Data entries

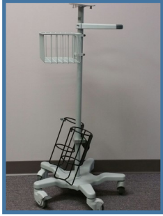
Pro-Nox E-Cylinder Mobile Cart
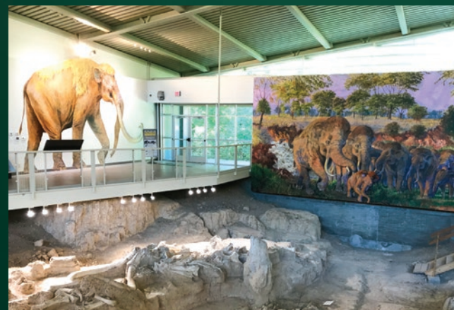
Waco Mammoth National Monument
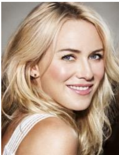
NAOMI WATTS ACTOR

Born in Sydney, Jack Thompson is one of Australia's best-loved actors. He has appeared in numerous films, among them Sunday Too Far Away (1975), The Chant of Jimmie Blacksmith (1978), 'Breaker' Morant (1980), for which he won a Best Actor Award from the Australian Film Institute. Other credits include The Man from Snowy River (1982), Merry Christmas Mr. Lawrence (1983), Midnight in the Garden of Good and Evil (1997), Australia (2008), and, most recently, Don't Tell (2018), for which he was nominated as best actor at the AACTA Awards. He was made a Member of the Order of Australia in 1986.
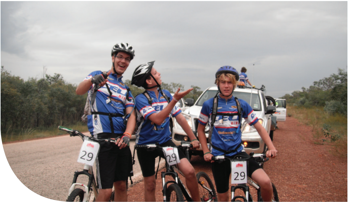
Kununurra cadets cycling the Gibb River Road Mountain Bike Challenge.
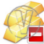
Gold Bars Restricted.png
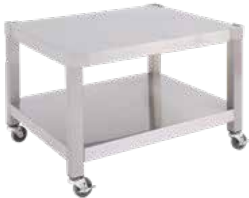
A4528796 Stand for 24" counter models with caster feature
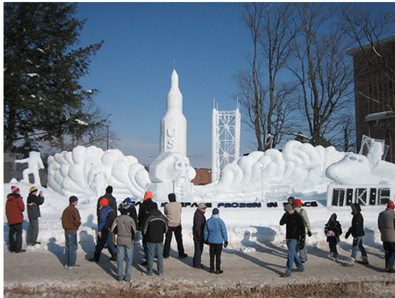
One of many sculptures erected by Michigan Tech Students modeling the weapons the Nerd Nation plans to use for World Domination. Mass production of these weapons should begin around January of this coming year. As well as copious amounts of Win.

us r3l4y1ng th3 f0ll0w1ng m3ss4g3, wh1ch h4d b33n sent by the higher ups of the Nerd Empire to their loyal followers: "Our pl4ns f0r d0m1n4t10n 4r3 st1ll On tr4ck, w3 w4nt 3v3ry0n3 t0 kn0w th4t th3 thr34ts 4g41nst us by th3 Pr3s1d3nt 4nd 0th3r 4m3r1c4n 4uth0r1t13s 4r3 s1mply c0v3r st0r13s. L3t 1t b3 h34rd th3 Pr3s1d3nt 0b4m4, 4nd m0st Of h1s st4ff, 4r3 4lr34dy str0ng supp0rt3rs Of Our m0v3m3nt. 4nd 1t 1s 4ls0 t0 b3 kn0wn th4t Pr3s1d3nt 0b4m4 1s N3rd1sh, 4nd n0t th3 rum0r3d Mus1m." ☺

**YOUR TASK**:
Excluding pictures, print all lines above exactly.

**RESULT FOR THIS TASK**:
Pro-Nox E-Cylinder Mobile Cart
Waco Mammoth National Monument
NAOMI WATTS ACTOR

Born in Sydney, Jack Thompson is one of Australia's best-loved actors. He has appeared in numerous films, among them Sunday Too Far Away (1975), The Chant of Jimmie Blacksmith (1978), 'Breaker' Morant (1980), for which he won a Best Actor Award from the Australian Film Institute. Other credits include The Man from Snowy River (1982), Merry Christmas Mr. Lawrence (1983), Midnight in the Garden of Good and Evil (1997), Australia (2008), and, most recently, Don't Tell (2018), for which he was nominated as best actor at the AACTA Awards. He was made a Member of the Order of Australia in 1986.
Kununurra cadets cycling the Gibb River Road Mountain Bike Challenge.
Gold Bars Restricted.png
A4528796 Stand for 24" counter models with caster feature
One of many sculptures erected by Michigan Tech Students modeling the weapons the Nerd Nation plans to use for World Domination. Mass production of these weapons should begin around January of this coming year. As well as copious amounts of Win.

us r3l4y1ng th3 f0ll0w1ng m3ss4g3, wh1ch h4d b33n sent by the higher ups of the Nerd Empire to their loyal followers: "Our pl4ns f0r d0m1n4t10n 4r3 st1ll On tr4ck, w3 w4nt 3v3ry0n3 t0 kn0w th4t th3 thr34ts 4g41nst us by th3 Pr3s1d3nt 4nd 0th3r 4m3r1c4n 4uth0r1t13s 4r3 s1mply c0v3r st0r13s. L3t 1t b3 h34rd th3 Pr3s1d3nt 0b4m4, 4nd m0st Of h1s st4ff, 4r3 4lr34dy str0ng supp0rt3rs Of Our m0v3m3nt. 4nd 1t 1s 4ls0 t0 b3 kn0wn th4t Pr3s1d3nt 0b4m4 1s N3rd1sh, 4nd n0t th3 rum0r3d Mus1m." ☺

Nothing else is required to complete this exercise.